Central accomplishments(s)

AI and IPTG Test Culture Results and Cell Lysis

Wet Lab

Today's results showed that only the AI solution achieved the target OD, while IPTG still fell short. Post-culture, we centrifuged the samples and added BugBuster to initiate cell lysis, followed by urea treatment for the insoluble fraction. The process successfully separated soluble and insoluble proteins, which will be analyzed using serial dilutions. The samples are now stored at 7°C for overnight analysis.

Central accomplishments(s)

Protein Quantification Challenges

Wet Lab

Our glycerol-stored pre-culture samples appear to have degraded, leading to an unsuccessful protein quantification attempt. Despite this, the assay data yielded an R² value of 0.98, indicating strong linearity in the standard curve. The data were normalized, and further dilutions were prepared for the next round of testing. We standardized protein quantification results by calculating the lowest adjusted concentration for all samples.

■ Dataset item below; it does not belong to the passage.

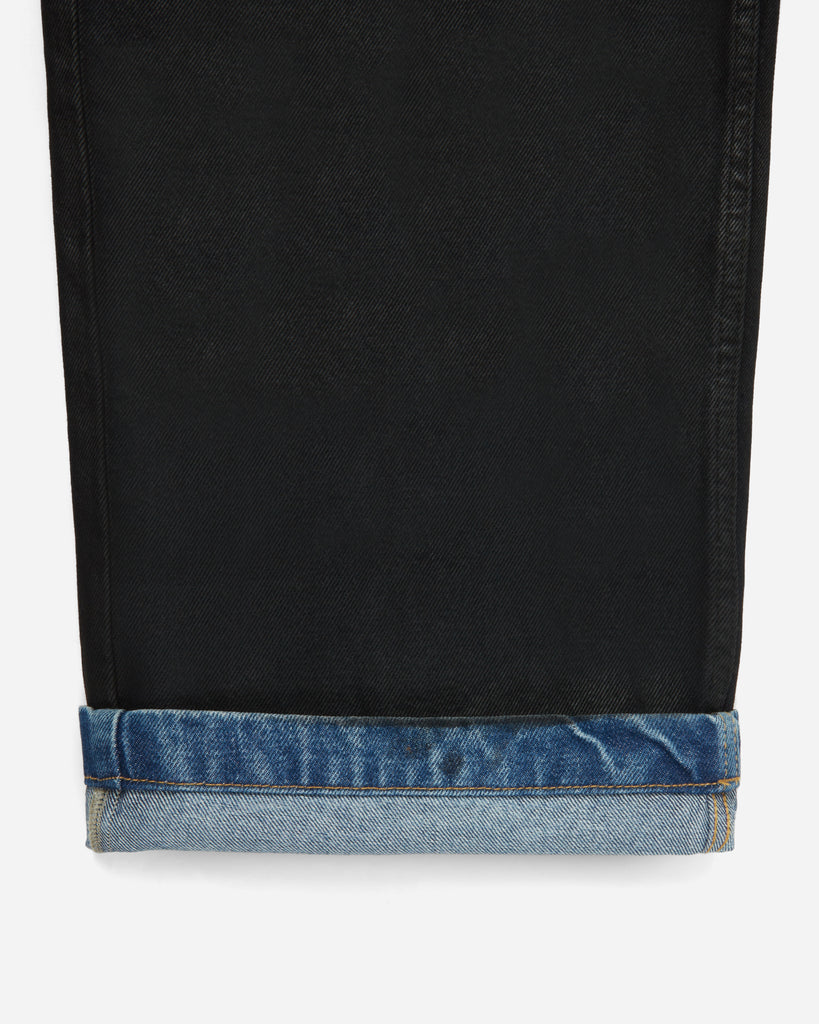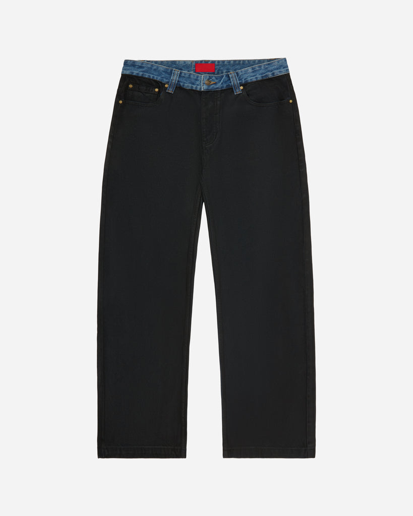 washed and coated heavyweight 15oz cotton denim jeans with metal button fly, metal rivets, oversized leather back patch, and baggy fit.

Central accomplishments(s)

E. coli Transformation Setbacks

Wet Lab

The E. coli transformation procedure was repeated, but once again, no colonies developed. Agar plates were remade, and the issue is under review.

Central accomplishments(s)

Continued E. coli Transformation Setbacks

Wet Lab

Another E. coli transformation was performed. Plates were stored in a 4°C fridge with parafilm applied to prevent contamination. Several questions have been raised about the differences between proteins and their mutations, which will be discussed with Josh later this week.

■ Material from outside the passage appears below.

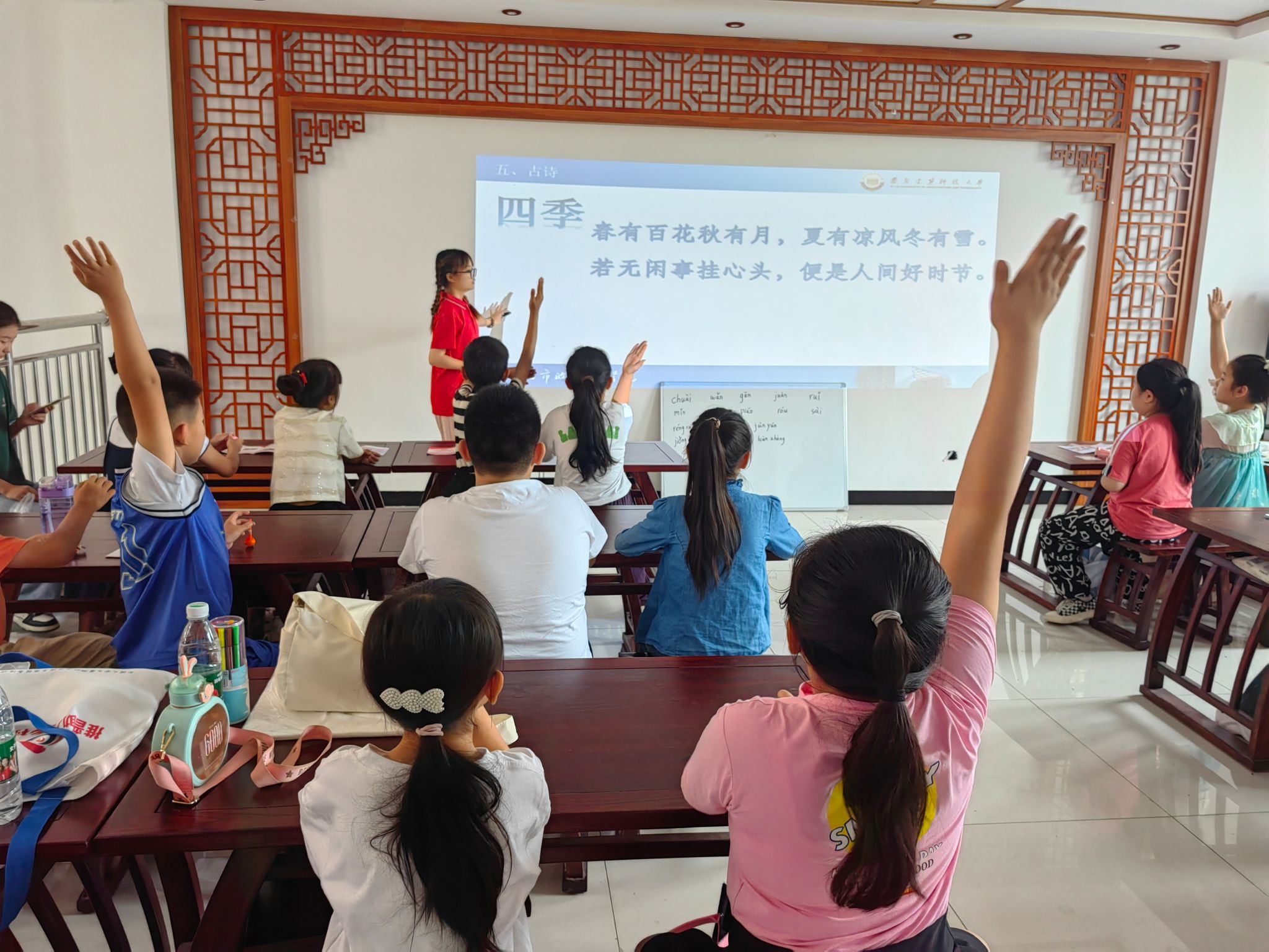 图为团队成员在商州区南秦社区用普通话为社区儿童教学。任治锦 摄

Central accomplishments(s)

Adjusted Preparation for E. coli Transformations

Wet Lab

A fresh LB medium batch was prepared, and cultures were sterilized via autoclave in preparation for the next round of experiments. We have slightly adjusted the E. coli transformation procedure based on previous results, increasing the heat shock time to 1 minute and switching from LB to SOC medium to improve transformation efficiency.

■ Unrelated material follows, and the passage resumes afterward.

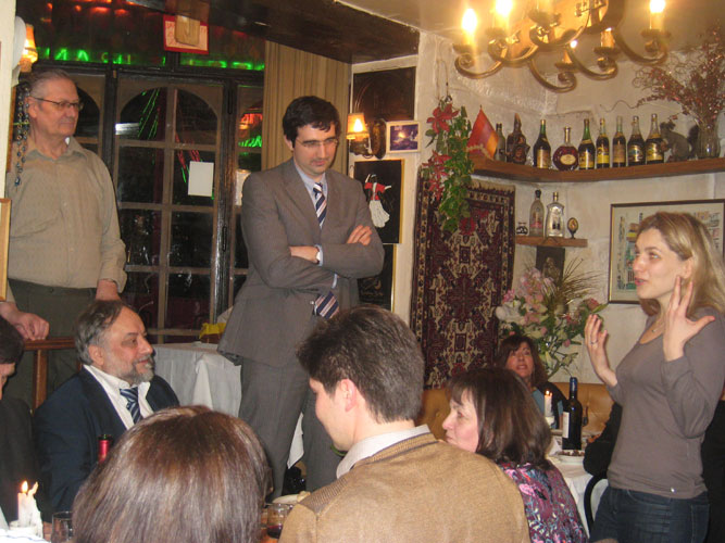 Юбиляра поздравляют Эльмира Скрипченко и Владимир Крамник |

Central accomplishments(s)

Miscommunication about DNA Fragments vs. DNA Plasmids

Wet Lab

A miscommunication with the dry lab was identified; instead of plasmids, DNA fragments were being inserted into E. coli cells, leading to failures in bacterial growth. This issue explains why none of the bacterial colonies survived on the kanamycin plates, as the bacteria lacked the resistance gene. PCR testing is planned to confirm no contaminants are present.

Central accomplishments(s)

Restriction Enzyme Digestion and Results

Wet Lab

The first restriction enzyme digestion was performed on five vials. Each vial contained 1 µL of DNA and was digested using NC01 and HinD3. A 1% agarose gel electrophoresis was run, but visualization via UV light suggests more consistent dye incorporation is necessary for improved results.

Central accomplishments(s)

Ligation Challenges and Plasmid Formation

Wet Lab

The DNA ligation of PET-30a vector with the gene inserts was performed successfully. However, when transforming the DH5α cells, no colonies developed. It appears NC01 restriction enzyme was mistakenly used instead of Nde1, hindering the plasmid formation.

Central accomplishments(s)

DNA Quantification and Process Review

Wet Lab

No colonies developed again, prompting a DNA quantification test. Results indicated abnormally low concentrations, possibly due to incomplete ethanol washing during membrane preparation. We will repeat the restriction enzyme digestion and ligation, this time ensuring all reagent steps are performed correctly.

Central accomplishments(s)

Shift to Differential Scanning Fluorimetry

Wet Lab

A discussion with Sode lab team members highlighted that using perfluoroalkyl compounds for an ELISA/BLI assay is not feasible due to size constraints. A pilot study using DSF (Differential Scanning Fluorimetry) will be conducted once protein expression is complete. We are still investigating how the engineered albumin can bind and remove PFAS from contaminated environments. We are also considering potential applications of our protein in environmental biosensors or water treatments that remain promising. Further studies will explore these areas once the protein is purified.